Artifact [db5468fd66]
Not logged in

Artifact db5468fd668eea10ab8764febea4253f35dc5829:

Wiki page [Ideas] by nem 2014-12-16 11:18:45.
D 2014-12-16T11:18:45.694
L Ideas
N text/x-markdown
P 473419eb051119d1363bcf4c344e6cb4624de2aa
U nem
W 3292
This page collects some thoughts on future directions. 

Firstly, the language should make it simple to represent:

 - Datalog clauses, e.g. `AncestorOf(x, y) :- ParentOf(x, z), AncestorOf(z, y)`
 - Algebraic languages - relational algebra, linear algebra, e.g. [VecTcl](http://auriocus.github.io/VecTcl/)
 - Optional types (not yet decided on this)
 - Domain-specific languages
 - Actions/commands

I _believe_ that it should be possible to use expressions/functions for most things and therefore restrict commands to being at the top-level only. This allows co-opting `[...]` syntax for other means.

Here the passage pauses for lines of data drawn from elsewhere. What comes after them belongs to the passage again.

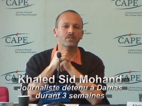 روى الصحفي الجزائري في إذاعة فرانس كولتور، وصحيفة لوموند، خالد سي محند، أمس، قصة اعتقاله في مركز للمخابرات السورية في دمشق لمدة 24 يوماً، بين التاسع من أبريل والثالث من أيار الماضيين، في أوج الحركة الاحتجاجية السورية ضد نظام الرئيس بشار الأسد.
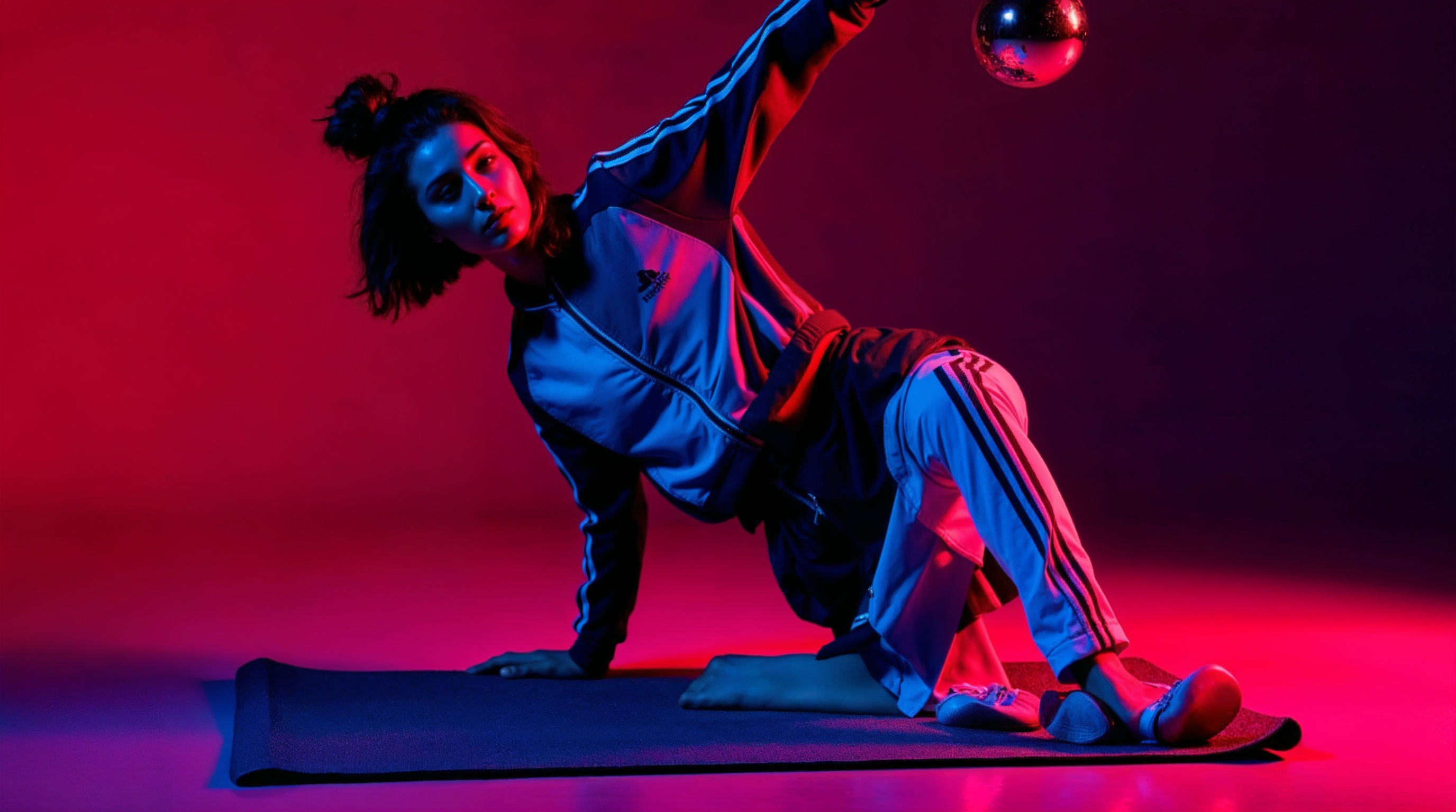 An Asian woman with short hair in a bun performs a yoga pose on a blue mat, balancing a large metallic ball above her head. She wears a black Adidas tracksuit with white stripes and neon pink shoes. The scene is illuminated with vibrant pink and purple neon lighting on an isolated background.
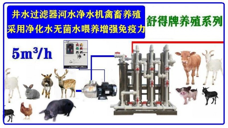 原水处理设备井水过滤器河水净水机养鸡场机械化养鸡场饮水设备,供应原水处理设备养殖业机械饮水设备适用人工养鸡场机械化养鸡场,很多养鸡场采用的是平地养殖、也有养鸡场采用立体养殖,有用河水的、有用地下水的,比如乐山的某大型机械化养鸡场使用的是河水经过处理后供应鸡棚,比如周口**兔业大型机械化养兔场用的是地下水、配置舒得牌净水设备效果非常理想,希望广大养殖户珍惜自己的劳动成果花很少的钱就能解决饮水问题。请联系我们。多年来全国养鸡业配置舒得牌净水器是很多的因为我们的净水器可以轻松净化井水河水江水山涧水,广元市一养殖大亨拥有多个规模化养猪场、都建设在高山顶上用的是山顶水库的绿油油的水,他给每个猪场配置一套舒得牌净水器,这样猪的饮水方面就得到了妥善的解决,因为猪喝的全是无菌水,就排除了猪体内部产生病源,增加猪的自身免疫率生长更快速,全国这样的例子太多了养猪场、养羊场、养鸡场、养兔场养牛场、奶牛场高规格水产养殖等配置舒得净水设备。
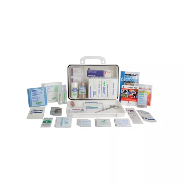 - Includes waterless handcleaner, instant cold pack, eye wash, first aid ointment, burn care, antiseptic, instruments, first aid and emergency care guide and an assortment of bandages and dressings
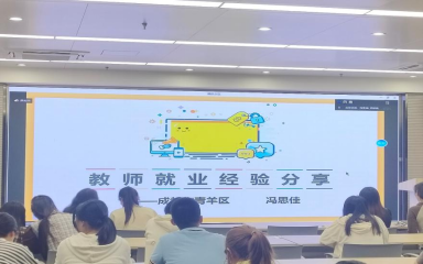 第五位分享者张丹玲结合自己的实践经历,从招聘信息获取、教学学段的选择以及如何准备招聘三方面进行了介绍。现场的同学们都积极地参与提问与互动。
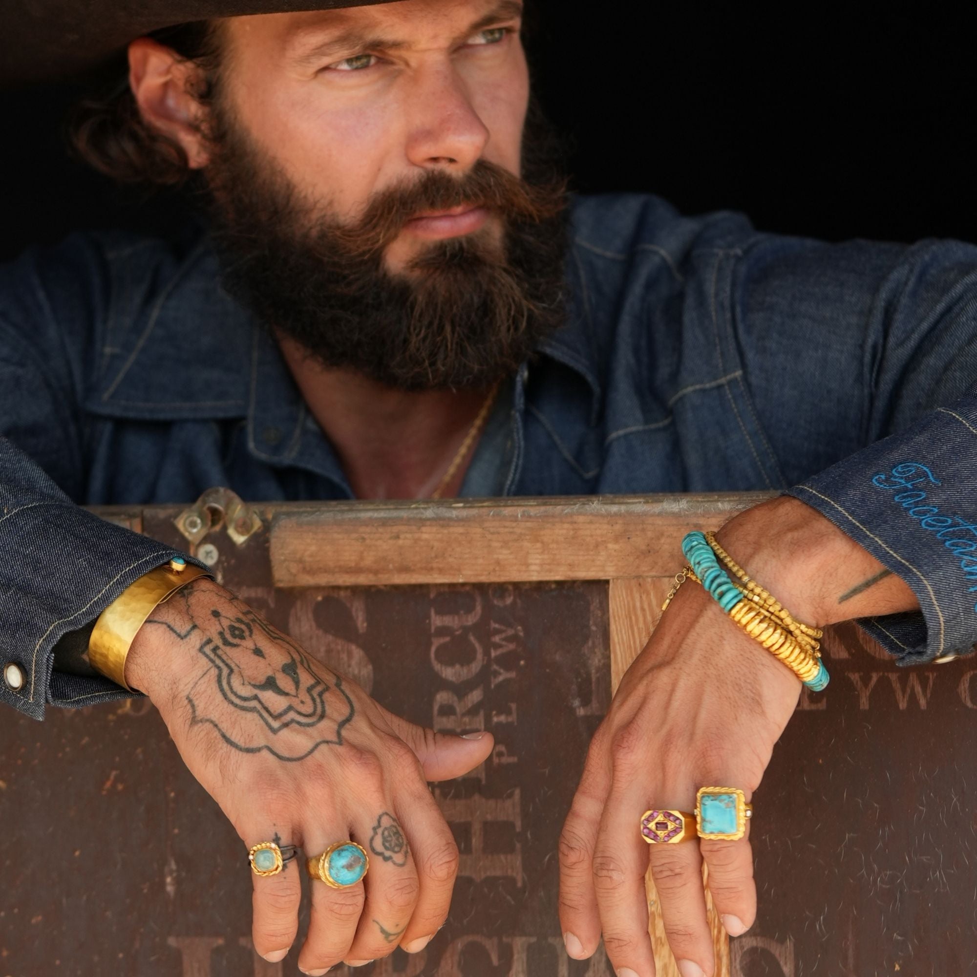 Named after the storied mining town of Tombstone, Arizona — a place where fortune, dust, and legend intertwined — Tombstone Trail echoes the spirit of those who carved life from the desert’s edge. The raw turquoise stones recall the earth once sifted by prospectors in search of silver and sky-colored gems, while the gold discs mirror the gleam of sunlight on weathered saddles and spurs. Each bead carries a trace of resilience, of dust-covered boots crossing endless plains. This bracelet stands as a relic of the frontier’s bold heart — a symbol of endurance, discovery, and quiet triumph beneath the Western sun.
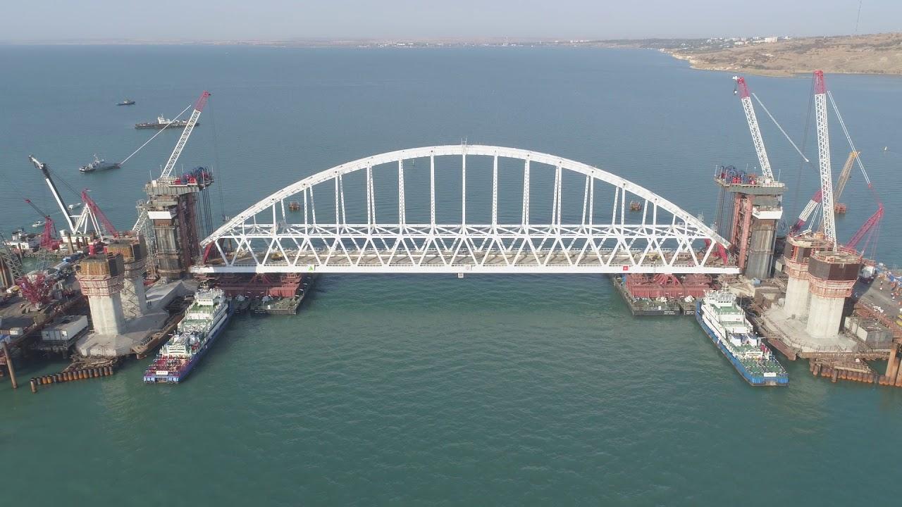 На аннексированном Россией полуострове начали устанавливать арочный пролет Керченского моста. Железнодорожную арку высотой 45 метров и длиной 227 метров доставили в пролив на плавучих опорах.
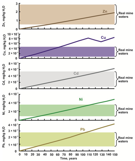 The content of heavy metals rises with the increasing time of water–rock interaction. Zinc has the highest concentration among the heavy metals (1.91 mg/kg H2O at the last modeling step). The concentration of other metals is much lower by the end of the modeling: nickel—0.0048 mg/kg H2O, copper—0.085 mg/kg H2O, cadmium—0.0063 mg/kg H2O, lead—0.0041 mg/kg H2O.
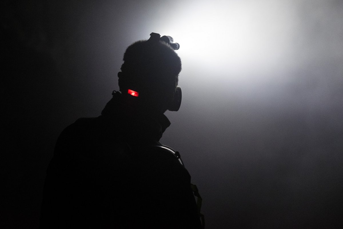Действительно, в сторонке от общего дурдома один из шахтёров при свете фонаря рассматривал куски серной породы, которые он успел наколоть.

Down to brass tacks. Like Tcl, SiCL is a command language. A program is a sequence of commands, separated by newlines or semicolons. A command is a sequence of words. A word is an expression, of one of the following forms:

 - Numbers: `123`, `123.4e12` etc
 - Strings: `foo`, `"foo"`, `'foo'`, `“foo”`, `‘foo’`, `«foo»`, `‹foo›` - may as well allow other quotation characters, especially as they are nestable!
 - Symbols: `%$^$%` - punctuation symbols are also just strings, but the tokenizer will break on them, so `foo+%$bar` is three tokens: `foo`, `+%$` and `bar`. Use whitespace if needed or quotes to group.
 - Unary/binary operators: `f x`, `x f y` etc. Normally adjacent expressions will be parsed as separate words in the command. However, some strings may be declared as operators (prefix, infix, or postfix). In this case, when encountered, they will be applied to the surrounding arguments as per their precedence, associativity etc. E.g., if `f` is a prefix unary operator then a command like `foo f x y` will be parsed as `foo (f x) y`.
 - Sub-expressions: `(...)`
 - Lists: `(x, y, z)` - note that this is not a binary operator `,` but rather a special syntax. Thus `((x, y),z)` is different from `(x,(y,z))` is different from `(x,y,z)`.
 - Dicts: `(x: y, z: a)`
 - Blocks of commands `: ... `. These start with a `:` and can only occur as a top-level word (to avoid confusion with dict syntax). Edging towards indentation syntax for these - either the block is a single command on the same line as the colon, or there is a newline immediately after the colon and then the indentation of the next line sets the block indent: the first line indented less than that ends the block.
 - Sets: `{x, y, z}` - same as lists but no duplicates allowed.
 - Vectors/Arrays: `[x, y, z]` - same as lists but using VecTcl or some optimised representation. All elements forced to be of the same type (and compactly represented).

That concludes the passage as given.